From a sales perspective, this impacted the business to the tune of 'low triple digit' millions of euros in sales. As result, Metro has doubled down on its protective digital structures.
"We have continuously invested over the past two decades to be well-protected in our digital setup, and that has enabled us to fend off attacks in the past," CFO Christian Baier commented at the press conference. "Now, with that unfortunately successful cyber attack that we have seen, we are upgrading and hardening our systems from all perspectives, with regard to training and additional security measures."
9. Growing Its Sales Force
While much of Metro's investment in recent years has been in technology, it believes that this needs to be underpinned by a strong sales force.

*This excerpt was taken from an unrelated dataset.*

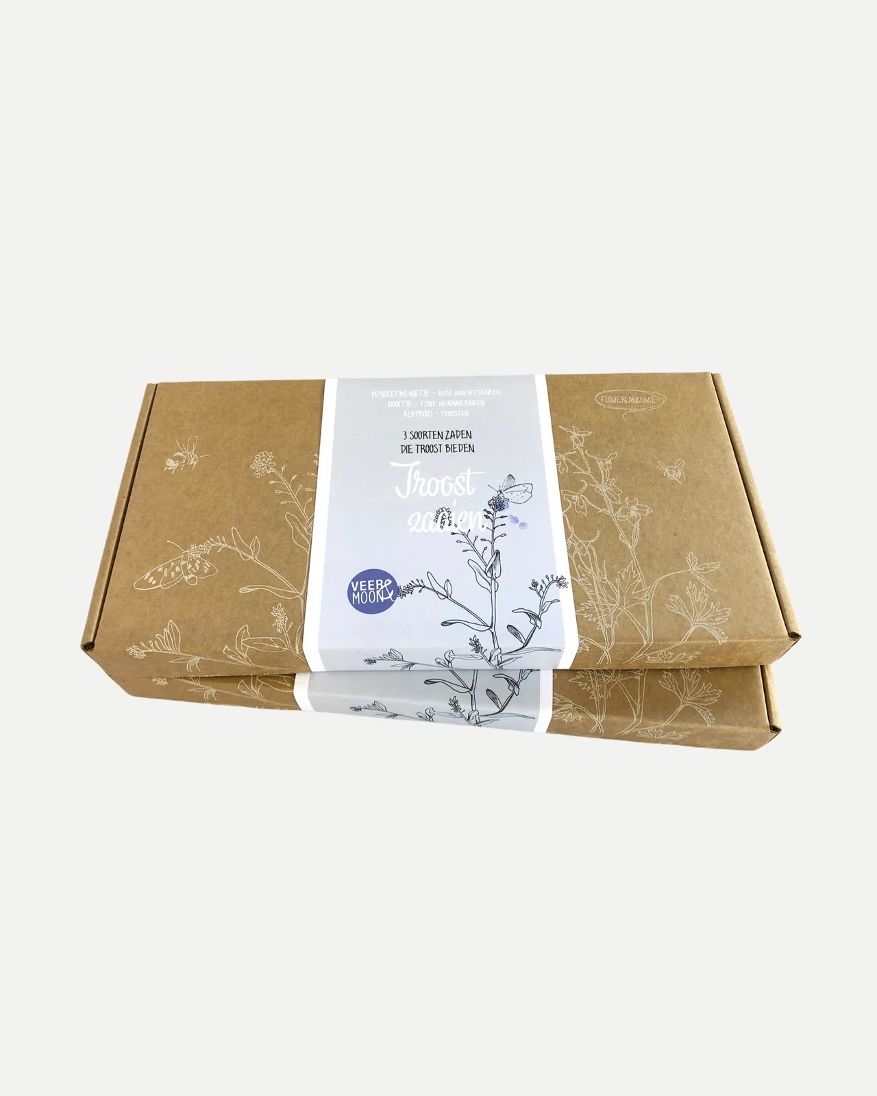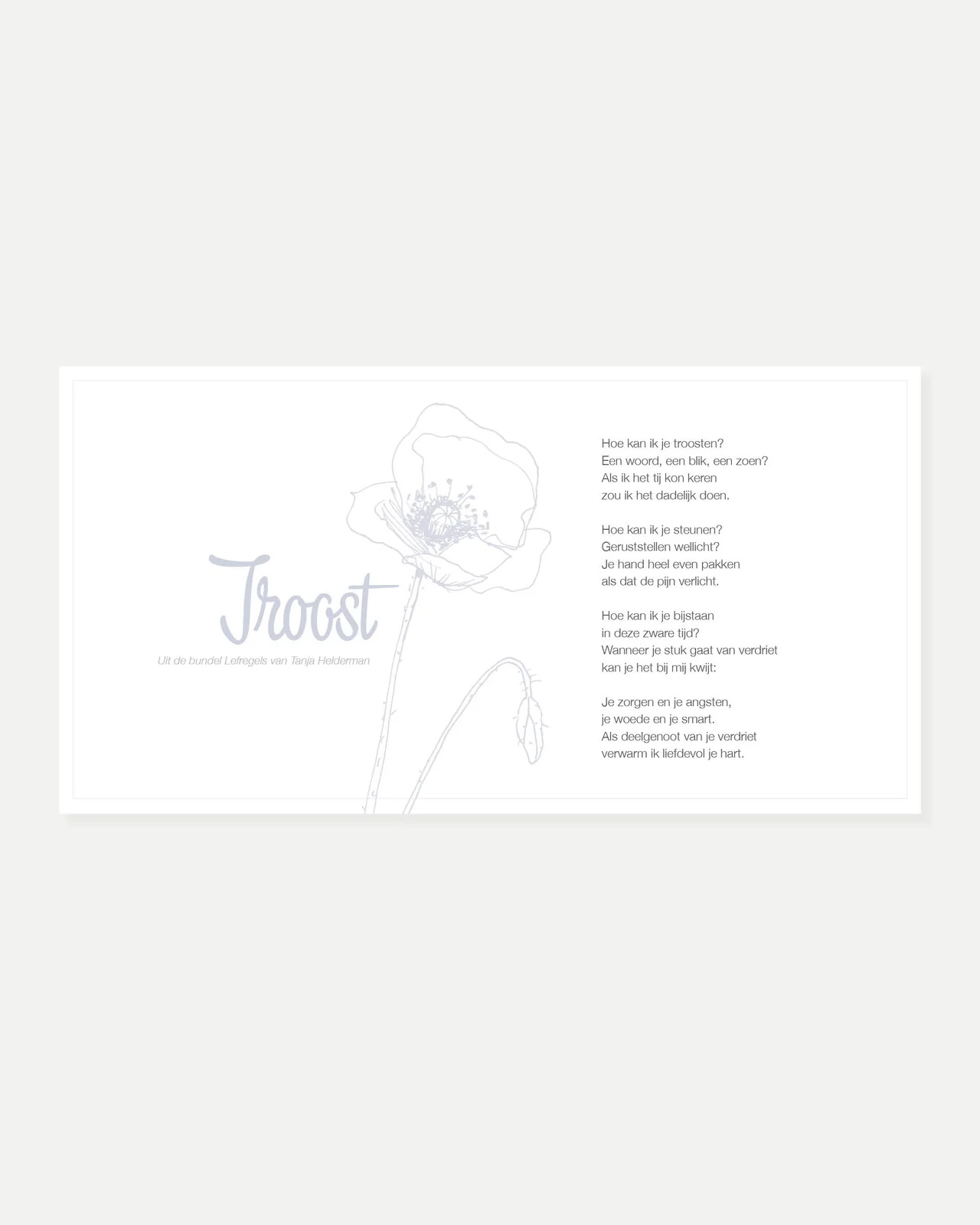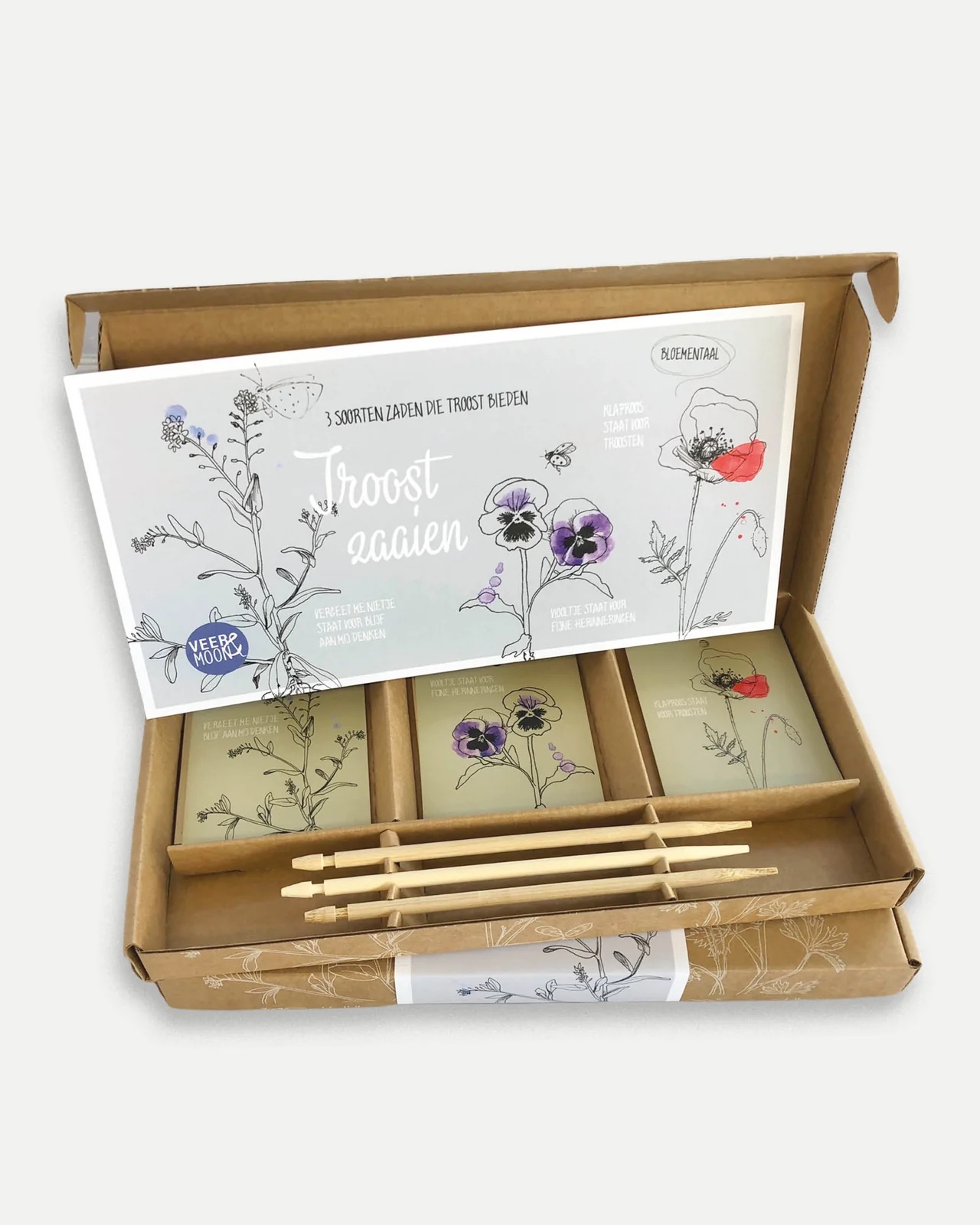 Cadeaudoosje Troost zaaien met drie soorten zaden die troost bieden: Vergeet me nietje (staat voor 'blijf aan mij denken'), Viooltje (staat voor fijne herinneringen) en Klaproos (staat voor troosten). Daarbij drie labels met stokjes om bij het potje of in de grond te steken. Op de kaart staat op achterzijde een mooi gedicht van Tanja Helderman uit de bundel Lefregels

The business increased its head count by 800 last year, and is targeting an additional 6,500 team members by the end of the decade, as it bolsters its presence across multiple channels.
"Growing our sales force is one of the ways in which we are trying to foster our multichannel position," Greubel said.
10. Finding A Geographical Balance
The composition of Metro's geographical spread became a source of controversy earlier this year, as it found itself with a presence in two countries at war – Ukraine and Russia. In the former, the group has established a solidarity campaign, providing aid for refugees and colleagues alike, but its continued presence in the latter has drawn some criticism, with Metro accused of hypocrisy.
Addressing this during the press conference, Greubel said that the group "has a responsibility for 10,000 employees and more than a million customers" in Russia, adding that if it left the country, its business would likely be taken up by a local operator, leaving its customers, who are unrelated to the ongoing war effort, behind.
"We continue to look at the situation as to whether it is right to stay in that market," he added.